I saw some of this debate. My point is simple: whatever the degree of
dynamism of "Indian" capitalism and the resilience, wealth and social
optimism of the Indian middle class, India is a subordinate part of a
world-system which in all sorts of ways has shaped the destiny of "Indian"
capitalism. As for the term "relative autonomy", I use it myself and am
conscious of the danger of awarding oneself one more degree of freedom *not*
to concretely and specifically explain a phenomenon on the basis of detailed
empirical and historical research.

All "national" capitalisms, including European ones, especially Britain's,
and even the US, where the relative weight of foreign particpiation, or of
participation in the world market by domestic US capitalists, is still
relatively small, compared to the total size of the economy, in fact and
despite appearances are fully integrated in and dependent on the circuits of
finance and productive capital in the world market.

US imperialism and hegemony coincide with a US economy which is tied by
millions of threads to overseas capital, commodity and consumer markets and,
thru international corporate capitalism, to a global division of productive
labour based on a global science and technology.

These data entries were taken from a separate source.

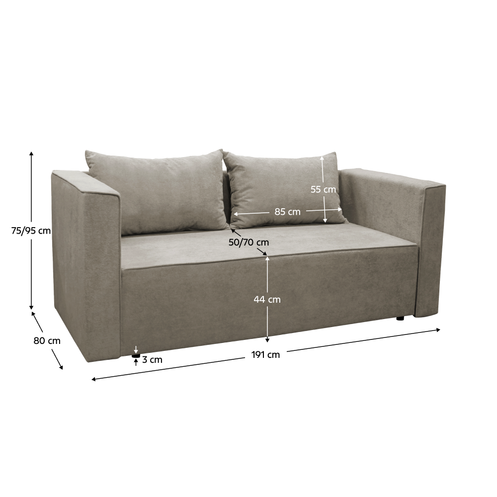 Méretek (SzxMéxMa): 191x80x75/95 cm
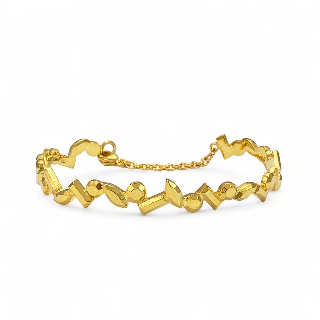 The Ava Gold Cuff features our signature faceted shapes. It's a playful and modern take on a traditional cuff. It fastens securely at the back with a clasp.
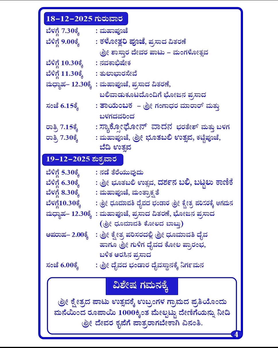 The annual Paatu festival, with Shri Bhoothabali Utsava & Dhoomavathi Daiva Kola will be celebrated from Dec 15th to Dec 19th, 2025 (Monday to Friday).
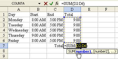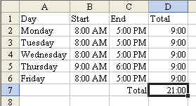 There is a subtle problem when you are using a time sheet. If you attempt to total up times exceeding 24 hours, the answer will be wrong. This is because Excel only shows you the times in excess of a complete day.
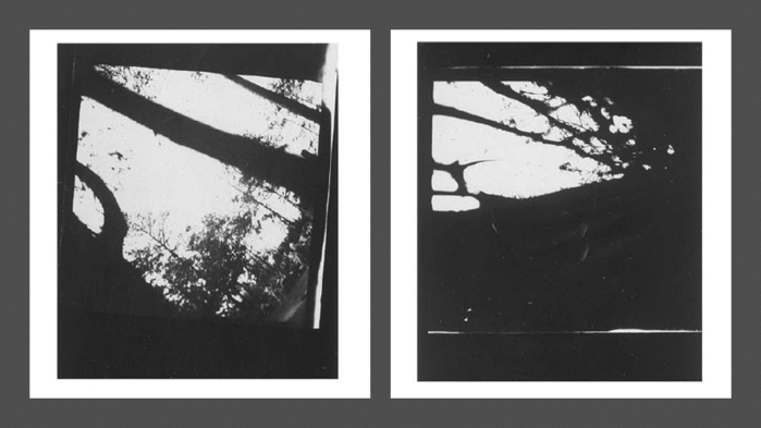 Fig. 1 e 2. Anônimo (membro do Sonderkommando de Auschwitz), Mulheres conduzidas para a câmar de gás do crematório v de Auschwitz, Agosto de 1944. Oswiecim, Museu Estadual de Auschwitz-Birkenau. Na esquerda, negativo n.282, na direita, negativo n.283.
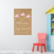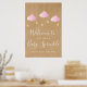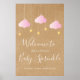 Perfeito para dar as boas-vindas a amigos e familiares em um chá de bebê especial, chá de fraldas ou chá de casal. Com nuvens cor-de-rosa fofas e estrelas douradas em cordas, em um fundo rústico kraft boho, este lindo cartão de boas-vindas é perfeito para todas as meninas bebês que estão a caminho. Criado por Thisisnotme©

This is the material basis of 'globaloney'. So given that, what is the
purpose of trying to identify a specifically independent formation of Indan
national capital, as if this was not what always happens everywhere
anywhere? What are you trying to prove?

Of course it exists, and there is an Indian national bourgeiosie, but so
what? The Indian bourgeiosie has no programme for future development which
is going to bring it into conflict with international finance capital or
with US imperialism. It has no programme for the future of India, including
*its own* future, in other words. It is in the interests of US imperialism
that large client states like India should have their own domestic process
of capital formation, why not? It is a huge anchor wedding India to world
capitalism. I understand why you keep saying that people ought not to
discuss what they don't know, and that serious empirical research might
deepen our understanding of India. I'm appreciative of your manypostings on
this list and others, to help us see things more clearly. For myself, I know
a little for instance about Russia and sometimes feel able to comment. I
don't know enough about India to want to make a fool of myself
pontificating. But what little I do know does not suggest to me that India
has somehow escaped the universal fate of the neocolonial, dependent
peripheries: states like India may have escaped European colonialism and
have won formal political freedom, but the price they paid was to become the
colonial subjects of an even worse and more ruthless, more dangerous
imperialism. To think that India has escaped from imperialism is dangerously
wrong. IMO.

The meaning of this is clear especially when you look at the apparent
alternatives, which you mention, and which turn out not to be alternatives
at all: take David Kotz's ideas about Chinese v. Russia strategies for the
"transition" to capitalism. According to Kotz, Russia failed because it did
not adopt the 'anti-neo-liberal' strategy which the Chinese
counter-revolutionaries under Deng, did. This is fine, if you ignore the
wider realities of how those two countries were already articulated into the
world-system even before they publically began the dismantling of socialism.
China was already effectively an American ally in the 'containment' of the
Soviet Union. This was because the USA continued to the end to see the
Soviet Union, not China, as its main Cold War enemy. The reason was because
the USSR had created a large industrial economy with a powerful defence
industry, which served to support its large European system of allied
socialist states. Also, the USSR controlled critical energy resources and
was the world's largest oil and gas producer. Russia was the main enemy.
China was a secondary enemy. When the USSR collapsed, there was considerable
uncertainty about what would happen. The US strategy was extremely simple.
It was (a) to fragment the USSR into smaller political entities; (b) to
immiserate the population, making it practically impossible for resistance
to develop for a long time; and (c) to utterly smash its industrial base,
destroy its scientific potential and shatter its defence industry. That was
what the so-called neoliberal/Harvard/IMF policies were designed to achieve,
and far from being a failure, this policy has been a total success and has
produced the kind of 'transition to capitalism' which the West required.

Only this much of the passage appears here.